Just a few weeks ago, Kyle Bigler wore holes in his shoes walking to his two minimum-wage jobs. He didn’t have a car, and he felt lucky to have the work at a gas station and Dunkin Donuts (somewhat) near his Gilford, New Hampshire home. But what he wasn’t expecting, as he walked 16 miles a day between work and home, was sudden support from a good Samaritan.
Bigler was just going through his day-to-day work-a-thon (sometimes totaling 20 hours in shifts) when Joanna Griffiths not only noticed him walking alongside the road, but recognized him later when she happened to frequent both places where he worked. She snapped his photo and told his story to her friends on Facebook, and that’s when the wheels started turning to change his life.
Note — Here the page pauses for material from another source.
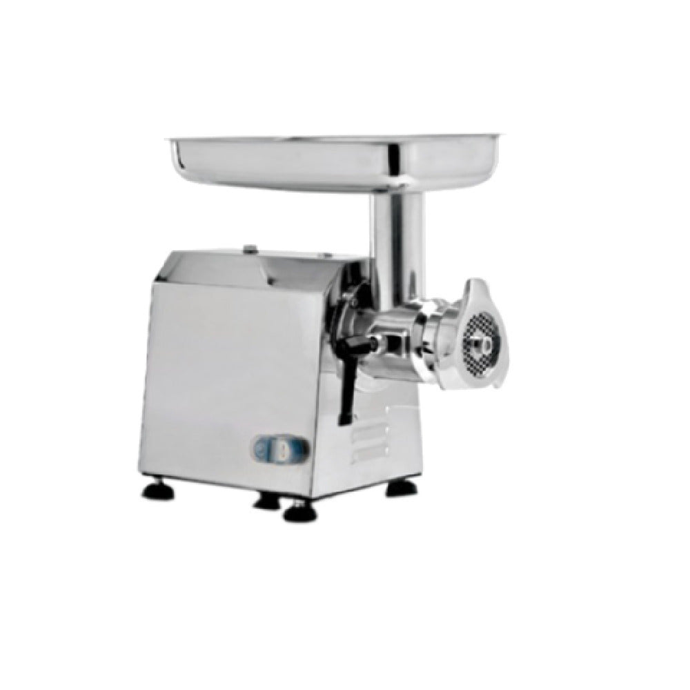 The AMPTO MCC22E Meat Grinder Electric is an exceptional machine, tailored for high-efficiency meat processing with a robust production capacity of 660 pounds per hour. This electric grinder is equipped with a #22 hub and a spacious 13" x 8" feed pan, ensuring ample space for processing large quantities of meat. The inclusion of a stainless steel tray enhances its durability and cleanliness, while the 1/4" (6mm) plate facilitates precise meat grinding. Crafted from die-cast aluminum alloy, the AMPTO MCC22E is built to withstand rigorous use while maintaining a lightweight structure. Operating at a steady 140 revolutions per minute, this grinder is powered by a 1-1/2 horsepower motor, offering consistent and reliable performance. Certified by CE and proudly made in Italy, this meat grinder embodies quality craftsmanship and adherence to strict safety standards. It is particularly suited for various market segments within the meat processing industry, including small butcher shops, large-scale meat production facilities, and gourmet food services seeking efficient and high-capacity grinding solutions. The AMPTO MCC22E stands out as a versatile and durable choice, designed to meet the demands of professionals requiring reliable and high-quality meat processing equipment.

A local car dealership jumped at the chance to give Bigler a car. Once he passes his drivers’ test, he will get six hours of his day back for little things like sleep, and visiting his son. You know, the things that get put to the side when you’re focused on getting to work on time and not getting fired.
What Can We Learn From This Story?
Two things stand out about this inspiring tale.
The first is Bigler’s work ethic. Bosses noted how hard a worker he was, and he even told NH1 News that he was happy to have the work, even if it was just for minimum wage.
“There are jobs everywhere you just have to look,” he said. “I mean if it’s a problem with someone not having a vehicle … I walk 8 miles.”
The second, obviously, is that it takes an extraordinary amount of hard work to eek out a living on minimum wage. In New Hampshire, where Bigler lives, minimum wage is set at the federal minimum (currently $7.25 an hour). Assuming a 40-hour workweek, that works out to a $290 weekly paycheck, before taxes.
The reality, of course, is that many minimum-wage jobs are also part-time jobs, which means that workers who need full-time income wind up cobbling together multiple gigs to make ends meet—and then barely so.
Minimum wage also buys less than it used to at its peak in the late 1960s, when the real value of the federal minimum wage in 2014 dollars exceeded $10 per hour. PayScale’s Real Wage Index, which measures the buying power of wages for employed U.S. workers, shows that the value of a typical worker’s pay has decreased 7.4 percent since 2006.